Note, this is for genes that are _annotated_ >1 time on the same assembly. Duplicated genes are typically just annotated twice with distinct GeneIDs; the gene symbol may be the same for these but the GeneID is not.
In the case of RefSeq annotation files, if GeneA is annotated twice then the gene_id
attribute in the GTF file will be GeneA
for the first instance and GeneA_1
for the second instance. In both cases, the gene
attribute will have the value GeneA
, which is the official symbol for that gene. For example, look at the annotation of the mouse gene Erdr1x.
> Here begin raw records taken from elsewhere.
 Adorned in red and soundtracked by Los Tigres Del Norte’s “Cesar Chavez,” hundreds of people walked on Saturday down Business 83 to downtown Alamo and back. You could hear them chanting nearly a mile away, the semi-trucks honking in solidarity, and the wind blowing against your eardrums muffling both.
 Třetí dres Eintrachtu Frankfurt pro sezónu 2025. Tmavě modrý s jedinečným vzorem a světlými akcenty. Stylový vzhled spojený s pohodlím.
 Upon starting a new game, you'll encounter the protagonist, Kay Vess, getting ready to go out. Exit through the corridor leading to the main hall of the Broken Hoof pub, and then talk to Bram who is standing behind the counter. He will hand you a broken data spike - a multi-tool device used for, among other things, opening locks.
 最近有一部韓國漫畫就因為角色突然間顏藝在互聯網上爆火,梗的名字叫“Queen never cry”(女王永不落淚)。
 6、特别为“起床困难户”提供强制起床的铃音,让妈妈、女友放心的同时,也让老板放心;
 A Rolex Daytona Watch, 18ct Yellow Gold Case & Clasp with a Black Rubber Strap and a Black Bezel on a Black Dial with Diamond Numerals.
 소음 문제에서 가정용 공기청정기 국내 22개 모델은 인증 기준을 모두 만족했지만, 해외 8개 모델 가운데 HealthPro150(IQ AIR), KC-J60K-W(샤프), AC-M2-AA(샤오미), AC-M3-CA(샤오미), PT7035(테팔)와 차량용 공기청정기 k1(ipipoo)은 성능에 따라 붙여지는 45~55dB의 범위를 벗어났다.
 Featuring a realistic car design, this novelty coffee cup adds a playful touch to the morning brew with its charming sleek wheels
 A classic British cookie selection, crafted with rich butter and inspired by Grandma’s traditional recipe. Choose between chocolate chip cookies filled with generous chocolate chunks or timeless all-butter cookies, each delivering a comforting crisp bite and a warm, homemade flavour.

In the GFF3 file, the following gene rows are present:
NC_000086.8 BestRefSeq pseudogene 168793522 168801793 . + . ID=gene-Erdr1x;Dbxref=GeneID:170942,MGI:MGI:2384747;Name=Erdr1x;description=erythroid differentiation regulator 1 x;end_range=168801793,.;gbkey=Gene;gene=Erdr1x;gene_biotype=transcribed_pseudogene;gene_synonym=edr,Erdr1,Gm21887,Gm55594;partial=true;pseudo=true
NC_000087.8 BestRefSeq pseudogene 90796711 90827734 . + . ID=gene-Erdr1x-2;Dbxref=GeneID:170942,MGI:MGI:2384747;Name=Erdr1x;description=erythroid differentiation regulator 1 x;gbkey=Gene;gene=Erdr1x;gene_biotype=transcribed_pseudogene;gene_synonym=edr,Erdr1,Gm21887,Gm55594;pseudo=true
That same gene has the following two rows in GTF:
NC_000086.8 BestRefSeq gene 168793522 168801793 . + . gene_id "Erdr1x"; transcript_id ""; db_xref "GeneID:170942"; db_xref "MGI:MGI:2384747"; description "erythroid differentiation regulator 1 x"; gbkey "Gene"; gene "Erdr1x"; gene_biotype "transcribed_pseudogene"; gene_synonym "edr"; gene_synonym "Erdr1"; gene_synonym "Gm21887"; gene_synonym "Gm55594"; partial "true"; pseudo "true";
NC_000087.8 BestRefSeq gene 90796711 90827734 . + . gene_id "Erdr1x_1"; transcript_id ""; db_xref "GeneID:170942"; db_xref "MGI:MGI:2384747"; description "erythroid differentiation regulator 1 x"; gbkey "Gene"; gene "Erdr1x"; gene_biotype "transcribed_pseudogene"; gene_synonym "edr"; gene_synonym "Erdr1"; gene_synonym "Gm21887"; gene_synonym "Gm55594"; pseudo "true";
They don't have different gene IDs, but different transcript IDs, depending on the tool you are using for quantifying and the downstream analyses they can be quantified separately, but most people quantify them at the gene level.